What do we need to do to ensure we don’t lose our photos and digital data and what is the urgency?
The way to ensure our photos are safe is to take control and be organised. Knowing what type of files you have, where your data is, how old your hard drives are, when was the last time you migrated the data from one hard drive to another – all give you power over your digital data. Photo managers recommend adopting the 3-2-1 backup method to manage your photos. This means having 3 copies of your photos, stored in two locations and one of those locations being off-site. The ideal solution is that this happens automatically all the time. The mac ecosystem offers the simplest execution: all your photos are saved locally on your computer’s hard drive (copy 1), it is backed up to the Time Machine (local copy 2) and the data from the computer is backed up to a dedicated cloud backup service such as BackBlaze (offsite copy 3). Google is going to start deleting data because 90% of the data stored on the cloud is junk and they can’t be the Digital Wasteland of the world any more. The cloud is not an ethereal space in the sky – it’s a huge server farm that needs to be temperature-controlled and maintained at a huge cost to Google and to our Earthly resources. Google’s policy change will likely be the beginning of their data purge.
That, coupled with the loss of data due to obsolescence, corruption and media failure is all going to the lead to us, the most photographed generation that ever existed, likely being forgotten, with very little evidence of our existence, due to the loss of our data in what has been termed the ‘Digital Dark Age’.
Is there anything you wish you’d done differently?
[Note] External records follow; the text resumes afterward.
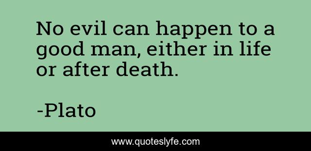 This page presents the quote "No evil can happen to a good man, either in life or after death.". Author of this quote is Plato. This quote is about life, good, evil,.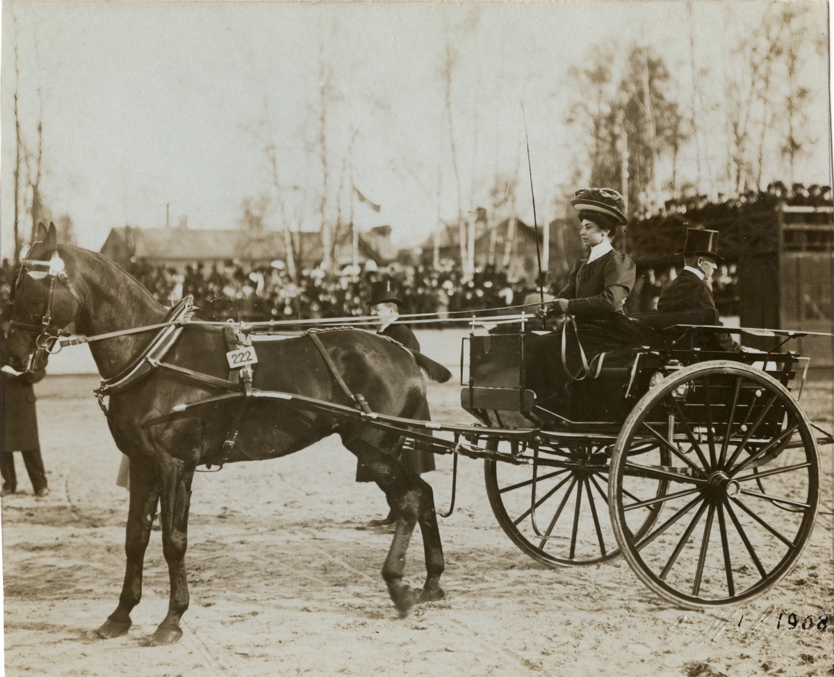 Titel: Gertrud Magnus (gift Trägårdh 1906) kör häst med vagn.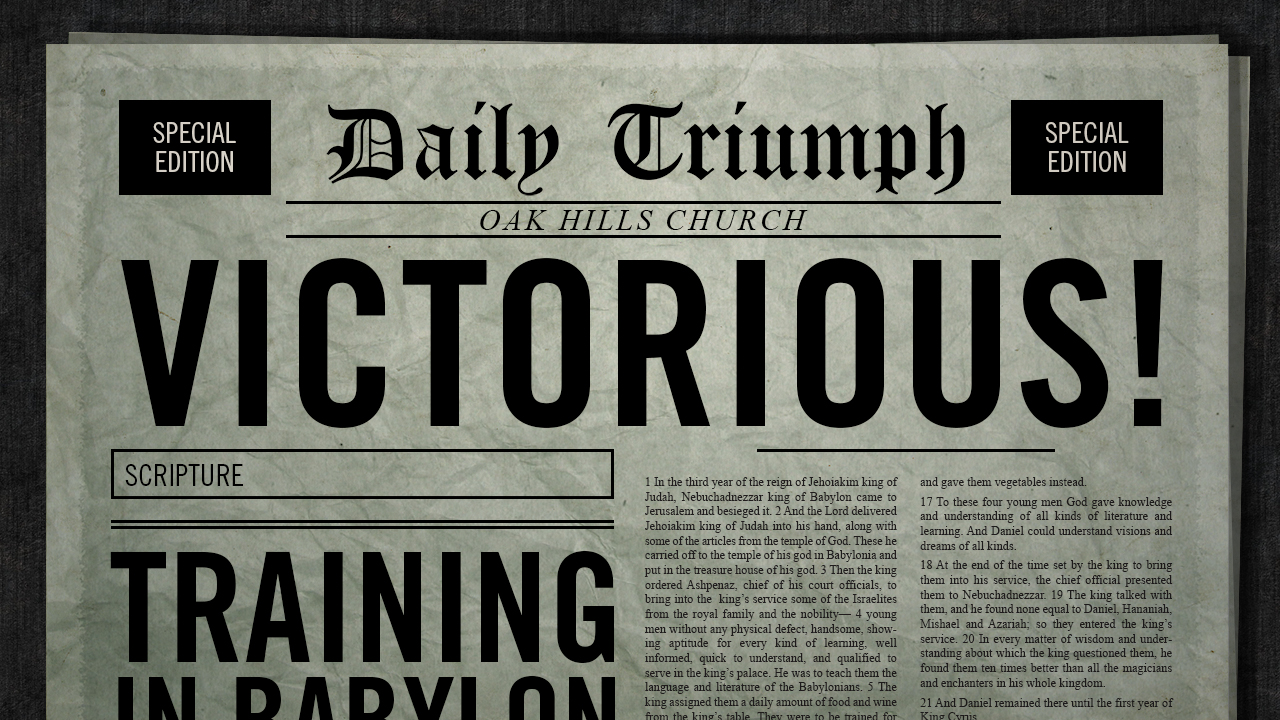 Videos Study Tools Details Recommended Decide Now for God WEEK 1 Share this Sermon Share Share this Sermon Copy Link There is a God in Heaven WEEK 2 Share this Sermon Share Share this Sermon Copy Link Stand Up - Stand Out WEEK 3 Share this Sermon Share Share this Sermon Copy Link When the Mighty Fall WEEK 4 Share this Sermon Share Share this Sermon Copy Link Is Nothing Sacred? WEEK 5 Share this Sermon Share Share this Sermon Copy Link No Lion, God Delivers WEEK 6 Share this Sermon Share Share this Sermon Copy Link The Final Kingdom WEEK 7 Share this Sermon Share Share this Sermon Copy Link Anticipate the Antichrist WEEK 8 Share this Sermon Share Share this Sermon Copy Link Number the Days WEEK 9 Share this Sermon Share Share this Sermon Copy Link It’s a Battle, Not a Picnic WEEK 10 Share this Sermon Share Share this Sermon Copy Link Consider the Prophecies WEEK 11 Share this Sermon Share Share this Sermon Copy Link Look Forward with Hope WEEK 12 Share this Sermon Share Share this Sermon Copy Link Study Guide Use your Bible and the weekly study sheets to engage in spiritual practices that help us hear from God. There are currently no study guides available. Sermon Notes Use the weekly sermon notes to follow along with each week's message. There are currently no sermon notes available. Small Groups Life was not meant to be lived alone! Check out our Groups page for more info! Join A Group Sermon Podcast You can watch or listen to our sermons on your mobile device via our podcasts! How cool?! Rightnow Media For more resources for you or your family, we have access to Rightnow Media’s online library! It’s completely FREE! Visit Rightnow Media About the Series - Daily Triumph The overarching message of Daniel’s days is this: how to live a life of faith in an increasingly faithless world. What did he know? What did he do? How can we adopt Daniel’s example into our own lives and culture? We’ll ask these questions and seek answers in our series, Daily Triumph. There are currently no recommended items.

Not really. I feel blessed to have been given the opportunities that I have had which has put me in this position to become a photo manager and share publicly about the Digital Dark Age. Michaels enabled me to develop a unique set of skills managing a photo lab, allowed me to build my networks across the photo and camera industry world-wide and nurtured my love of public speaking and education.
I really want to make a difference and leave a legacy and when I share with people what I am doing with my new business, PhotoGenie, the response is always ‘I need that’! So it gives me confidence that I’m on the right path.